REQUIRED WORK: Look through the data below for the line with "Syncfusion.EJ2.AspNet.CoreNuget package to", and transcribe it exactly together with each line after it up to and including the line with "20 zł banknot". Give nothing else.

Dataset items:

______

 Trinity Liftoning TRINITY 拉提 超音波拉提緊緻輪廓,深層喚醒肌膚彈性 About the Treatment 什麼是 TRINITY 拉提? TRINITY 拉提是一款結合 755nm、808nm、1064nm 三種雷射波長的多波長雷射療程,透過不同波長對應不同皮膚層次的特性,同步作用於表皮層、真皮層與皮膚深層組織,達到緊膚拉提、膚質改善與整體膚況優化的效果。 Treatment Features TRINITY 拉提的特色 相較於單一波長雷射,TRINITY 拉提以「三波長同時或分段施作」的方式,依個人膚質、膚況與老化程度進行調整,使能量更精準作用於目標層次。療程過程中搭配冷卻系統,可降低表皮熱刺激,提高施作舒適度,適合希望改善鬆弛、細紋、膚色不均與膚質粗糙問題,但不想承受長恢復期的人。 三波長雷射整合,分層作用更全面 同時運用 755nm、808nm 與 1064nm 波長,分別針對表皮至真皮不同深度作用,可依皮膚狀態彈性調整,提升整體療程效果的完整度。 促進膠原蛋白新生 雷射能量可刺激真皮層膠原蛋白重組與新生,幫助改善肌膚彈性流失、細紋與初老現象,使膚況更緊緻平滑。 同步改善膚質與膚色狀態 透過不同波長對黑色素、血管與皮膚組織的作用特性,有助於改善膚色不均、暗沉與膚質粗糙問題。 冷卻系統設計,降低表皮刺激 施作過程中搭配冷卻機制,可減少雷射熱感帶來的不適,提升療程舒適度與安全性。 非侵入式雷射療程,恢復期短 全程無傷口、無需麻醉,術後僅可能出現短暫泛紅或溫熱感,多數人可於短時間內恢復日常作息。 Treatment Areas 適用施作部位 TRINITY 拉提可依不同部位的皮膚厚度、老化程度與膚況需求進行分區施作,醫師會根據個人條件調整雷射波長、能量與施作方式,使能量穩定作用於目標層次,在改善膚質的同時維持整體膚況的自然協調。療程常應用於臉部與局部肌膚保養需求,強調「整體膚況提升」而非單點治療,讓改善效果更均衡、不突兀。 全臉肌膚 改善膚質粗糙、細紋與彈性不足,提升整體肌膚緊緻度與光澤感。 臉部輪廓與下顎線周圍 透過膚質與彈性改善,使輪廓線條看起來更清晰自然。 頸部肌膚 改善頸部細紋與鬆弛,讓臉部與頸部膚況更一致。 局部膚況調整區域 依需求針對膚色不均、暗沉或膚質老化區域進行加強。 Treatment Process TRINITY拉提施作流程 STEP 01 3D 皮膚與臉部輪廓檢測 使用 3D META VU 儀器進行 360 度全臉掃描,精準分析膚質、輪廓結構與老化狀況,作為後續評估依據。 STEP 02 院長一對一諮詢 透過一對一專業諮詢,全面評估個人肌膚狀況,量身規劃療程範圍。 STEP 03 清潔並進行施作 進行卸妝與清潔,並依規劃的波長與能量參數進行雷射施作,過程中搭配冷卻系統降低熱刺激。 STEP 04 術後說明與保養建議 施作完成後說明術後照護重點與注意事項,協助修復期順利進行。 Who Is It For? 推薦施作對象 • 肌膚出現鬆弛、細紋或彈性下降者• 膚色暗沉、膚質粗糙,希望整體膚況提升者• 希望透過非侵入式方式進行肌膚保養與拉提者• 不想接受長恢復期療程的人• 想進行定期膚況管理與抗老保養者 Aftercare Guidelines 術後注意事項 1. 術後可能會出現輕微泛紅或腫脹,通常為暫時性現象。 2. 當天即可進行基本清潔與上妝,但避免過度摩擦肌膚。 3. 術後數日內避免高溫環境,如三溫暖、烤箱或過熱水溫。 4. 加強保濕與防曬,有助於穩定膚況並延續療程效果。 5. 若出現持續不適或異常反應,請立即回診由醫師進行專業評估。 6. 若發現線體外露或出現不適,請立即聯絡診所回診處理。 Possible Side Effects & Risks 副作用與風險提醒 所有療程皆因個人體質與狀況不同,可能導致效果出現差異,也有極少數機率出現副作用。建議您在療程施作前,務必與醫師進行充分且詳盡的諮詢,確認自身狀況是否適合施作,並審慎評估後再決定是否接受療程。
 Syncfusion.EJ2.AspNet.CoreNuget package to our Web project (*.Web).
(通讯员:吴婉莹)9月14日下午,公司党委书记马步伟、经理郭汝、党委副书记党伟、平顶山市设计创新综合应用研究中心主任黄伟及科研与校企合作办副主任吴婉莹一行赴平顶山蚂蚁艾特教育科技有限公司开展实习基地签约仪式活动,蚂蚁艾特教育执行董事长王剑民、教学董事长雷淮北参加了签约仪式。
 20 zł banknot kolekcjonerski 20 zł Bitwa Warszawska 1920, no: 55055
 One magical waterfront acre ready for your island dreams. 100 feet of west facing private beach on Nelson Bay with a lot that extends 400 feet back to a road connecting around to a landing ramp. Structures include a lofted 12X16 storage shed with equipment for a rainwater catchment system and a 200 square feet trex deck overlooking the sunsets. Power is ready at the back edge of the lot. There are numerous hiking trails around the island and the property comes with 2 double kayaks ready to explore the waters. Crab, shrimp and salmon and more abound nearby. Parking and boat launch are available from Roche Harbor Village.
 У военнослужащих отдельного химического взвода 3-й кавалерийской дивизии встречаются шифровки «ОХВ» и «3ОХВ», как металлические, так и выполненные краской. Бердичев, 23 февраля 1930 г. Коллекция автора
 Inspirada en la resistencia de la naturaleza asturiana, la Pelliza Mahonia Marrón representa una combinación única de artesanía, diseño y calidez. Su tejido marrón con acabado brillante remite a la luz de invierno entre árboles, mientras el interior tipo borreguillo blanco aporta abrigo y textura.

______

SOLUTION FOR THIS EXERCISE:
 Syncfusion.EJ2.AspNet.CoreNuget package to our Web project (*.Web).
(通讯员:吴婉莹)9月14日下午,公司党委书记马步伟、经理郭汝、党委副书记党伟、平顶山市设计创新综合应用研究中心主任黄伟及科研与校企合作办副主任吴婉莹一行赴平顶山蚂蚁艾特教育科技有限公司开展实习基地签约仪式活动,蚂蚁艾特教育执行董事长王剑民、教学董事长雷淮北参加了签约仪式。
 20 zł banknot kolekcjonerski 20 zł Bitwa Warszawska 1920, no: 55055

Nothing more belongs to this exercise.